(Records from a collection)
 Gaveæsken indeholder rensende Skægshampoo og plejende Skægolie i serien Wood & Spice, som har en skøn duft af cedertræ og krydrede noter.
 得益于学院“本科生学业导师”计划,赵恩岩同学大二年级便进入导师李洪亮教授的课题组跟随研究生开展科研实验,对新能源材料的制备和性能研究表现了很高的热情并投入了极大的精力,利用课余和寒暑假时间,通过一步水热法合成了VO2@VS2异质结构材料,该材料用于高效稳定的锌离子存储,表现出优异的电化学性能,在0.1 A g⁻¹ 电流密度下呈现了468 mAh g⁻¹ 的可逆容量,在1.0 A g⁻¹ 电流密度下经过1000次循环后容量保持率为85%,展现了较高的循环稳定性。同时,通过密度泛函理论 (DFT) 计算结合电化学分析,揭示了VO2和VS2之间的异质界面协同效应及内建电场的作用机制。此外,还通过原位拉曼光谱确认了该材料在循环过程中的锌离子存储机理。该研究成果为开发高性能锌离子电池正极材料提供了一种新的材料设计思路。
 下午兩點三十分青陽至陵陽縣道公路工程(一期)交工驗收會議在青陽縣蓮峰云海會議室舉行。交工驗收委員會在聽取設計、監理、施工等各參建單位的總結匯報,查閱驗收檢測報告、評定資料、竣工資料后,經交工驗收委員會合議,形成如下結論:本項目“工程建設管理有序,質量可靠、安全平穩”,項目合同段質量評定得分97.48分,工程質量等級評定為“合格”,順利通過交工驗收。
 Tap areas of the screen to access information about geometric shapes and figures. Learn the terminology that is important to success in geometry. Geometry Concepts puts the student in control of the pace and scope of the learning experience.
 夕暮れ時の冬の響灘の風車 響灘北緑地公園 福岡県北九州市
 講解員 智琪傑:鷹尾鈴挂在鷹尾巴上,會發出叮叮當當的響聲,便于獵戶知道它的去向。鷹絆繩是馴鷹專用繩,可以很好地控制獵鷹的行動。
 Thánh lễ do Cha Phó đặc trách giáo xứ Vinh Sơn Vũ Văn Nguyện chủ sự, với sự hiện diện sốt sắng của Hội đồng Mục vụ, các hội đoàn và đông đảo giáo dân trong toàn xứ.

* * *

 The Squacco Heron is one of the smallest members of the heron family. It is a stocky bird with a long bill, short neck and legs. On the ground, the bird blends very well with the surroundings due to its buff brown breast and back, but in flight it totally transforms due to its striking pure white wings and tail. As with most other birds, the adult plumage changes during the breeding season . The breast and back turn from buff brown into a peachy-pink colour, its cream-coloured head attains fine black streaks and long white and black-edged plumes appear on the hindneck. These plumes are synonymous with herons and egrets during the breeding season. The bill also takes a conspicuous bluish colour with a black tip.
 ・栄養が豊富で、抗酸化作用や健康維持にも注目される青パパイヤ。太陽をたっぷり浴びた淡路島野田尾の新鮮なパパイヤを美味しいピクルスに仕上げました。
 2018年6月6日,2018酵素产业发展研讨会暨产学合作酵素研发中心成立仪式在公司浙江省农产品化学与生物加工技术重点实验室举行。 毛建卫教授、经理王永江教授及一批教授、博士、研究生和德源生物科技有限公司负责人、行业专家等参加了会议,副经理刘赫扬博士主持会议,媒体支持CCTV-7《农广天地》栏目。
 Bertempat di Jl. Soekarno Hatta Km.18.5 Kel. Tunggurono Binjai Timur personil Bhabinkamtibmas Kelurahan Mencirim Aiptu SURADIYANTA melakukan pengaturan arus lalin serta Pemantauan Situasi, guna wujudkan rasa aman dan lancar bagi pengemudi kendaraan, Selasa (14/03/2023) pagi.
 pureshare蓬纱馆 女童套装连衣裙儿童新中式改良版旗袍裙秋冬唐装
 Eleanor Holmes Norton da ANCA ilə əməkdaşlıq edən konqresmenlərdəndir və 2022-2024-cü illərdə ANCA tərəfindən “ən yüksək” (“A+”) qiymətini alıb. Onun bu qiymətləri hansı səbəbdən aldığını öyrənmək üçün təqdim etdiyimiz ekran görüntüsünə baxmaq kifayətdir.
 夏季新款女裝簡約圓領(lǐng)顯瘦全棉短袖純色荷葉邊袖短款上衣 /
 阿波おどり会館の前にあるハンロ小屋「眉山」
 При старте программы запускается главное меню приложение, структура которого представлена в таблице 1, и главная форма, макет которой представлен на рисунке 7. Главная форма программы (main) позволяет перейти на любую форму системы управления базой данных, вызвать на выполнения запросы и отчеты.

» **EXERCISE DETAILS**: Print, without alteration, only the lines above between the one holding "Gaveæsken indeholder rensende" and the one holding "Thánh lễ do", inclusive.

» **THE ANSWER**:
 Gaveæsken indeholder rensende Skægshampoo og plejende Skægolie i serien Wood & Spice, som har en skøn duft af cedertræ og krydrede noter.
 得益于学院“本科生学业导师”计划,赵恩岩同学大二年级便进入导师李洪亮教授的课题组跟随研究生开展科研实验,对新能源材料的制备和性能研究表现了很高的热情并投入了极大的精力,利用课余和寒暑假时间,通过一步水热法合成了VO2@VS2异质结构材料,该材料用于高效稳定的锌离子存储,表现出优异的电化学性能,在0.1 A g⁻¹ 电流密度下呈现了468 mAh g⁻¹ 的可逆容量,在1.0 A g⁻¹ 电流密度下经过1000次循环后容量保持率为85%,展现了较高的循环稳定性。同时,通过密度泛函理论 (DFT) 计算结合电化学分析,揭示了VO2和VS2之间的异质界面协同效应及内建电场的作用机制。此外,还通过原位拉曼光谱确认了该材料在循环过程中的锌离子存储机理。该研究成果为开发高性能锌离子电池正极材料提供了一种新的材料设计思路。
 下午兩點三十分青陽至陵陽縣道公路工程(一期)交工驗收會議在青陽縣蓮峰云海會議室舉行。交工驗收委員會在聽取設計、監理、施工等各參建單位的總結匯報,查閱驗收檢測報告、評定資料、竣工資料后,經交工驗收委員會合議,形成如下結論:本項目“工程建設管理有序,質量可靠、安全平穩”,項目合同段質量評定得分97.48分,工程質量等級評定為“合格”,順利通過交工驗收。
 Tap areas of the screen to access information about geometric shapes and figures. Learn the terminology that is important to success in geometry. Geometry Concepts puts the student in control of the pace and scope of the learning experience.
 夕暮れ時の冬の響灘の風車 響灘北緑地公園 福岡県北九州市
 講解員 智琪傑:鷹尾鈴挂在鷹尾巴上,會發出叮叮當當的響聲,便于獵戶知道它的去向。鷹絆繩是馴鷹專用繩,可以很好地控制獵鷹的行動。
 Thánh lễ do Cha Phó đặc trách giáo xứ Vinh Sơn Vũ Văn Nguyện chủ sự, với sự hiện diện sốt sắng của Hội đồng Mục vụ, các hội đoàn và đông đảo giáo dân trong toàn xứ.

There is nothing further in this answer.